§ **Data for processing**:
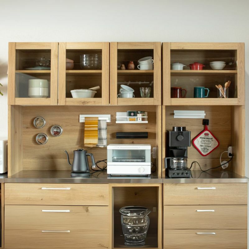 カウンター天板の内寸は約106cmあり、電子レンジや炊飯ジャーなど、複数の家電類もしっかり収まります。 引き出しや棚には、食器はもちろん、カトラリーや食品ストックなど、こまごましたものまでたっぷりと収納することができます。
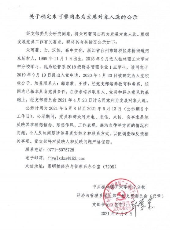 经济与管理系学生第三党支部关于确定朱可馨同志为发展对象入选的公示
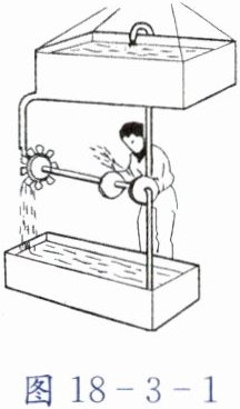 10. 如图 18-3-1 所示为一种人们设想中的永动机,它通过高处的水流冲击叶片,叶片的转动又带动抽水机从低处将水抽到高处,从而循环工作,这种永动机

* * *

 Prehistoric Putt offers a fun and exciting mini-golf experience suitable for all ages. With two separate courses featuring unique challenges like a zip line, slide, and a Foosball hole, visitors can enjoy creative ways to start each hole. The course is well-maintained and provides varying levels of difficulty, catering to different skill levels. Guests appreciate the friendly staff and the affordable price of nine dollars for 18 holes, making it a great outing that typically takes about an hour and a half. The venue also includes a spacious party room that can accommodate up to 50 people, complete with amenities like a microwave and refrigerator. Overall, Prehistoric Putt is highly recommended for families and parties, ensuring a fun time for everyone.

§ **Exercise description**:
The reply should hold the entries above from the line with "カウンター天板の内寸は約10" to the line with "10. 如图 18-3-1", duplicated exactly, pictures excluded.

§ **The answer**:
 カウンター天板の内寸は約106cmあり、電子レンジや炊飯ジャーなど、複数の家電類もしっかり収まります。 引き出しや棚には、食器はもちろん、カトラリーや食品ストックなど、こまごましたものまでたっぷりと収納することができます。
 经济与管理系学生第三党支部关于确定朱可馨同志为发展对象入选的公示
 10. 如图 18-3-1 所示为一种人们设想中的永动机,它通过高处的水流冲击叶片,叶片的转动又带动抽水机从低处将水抽到高处,从而循环工作,这种永动机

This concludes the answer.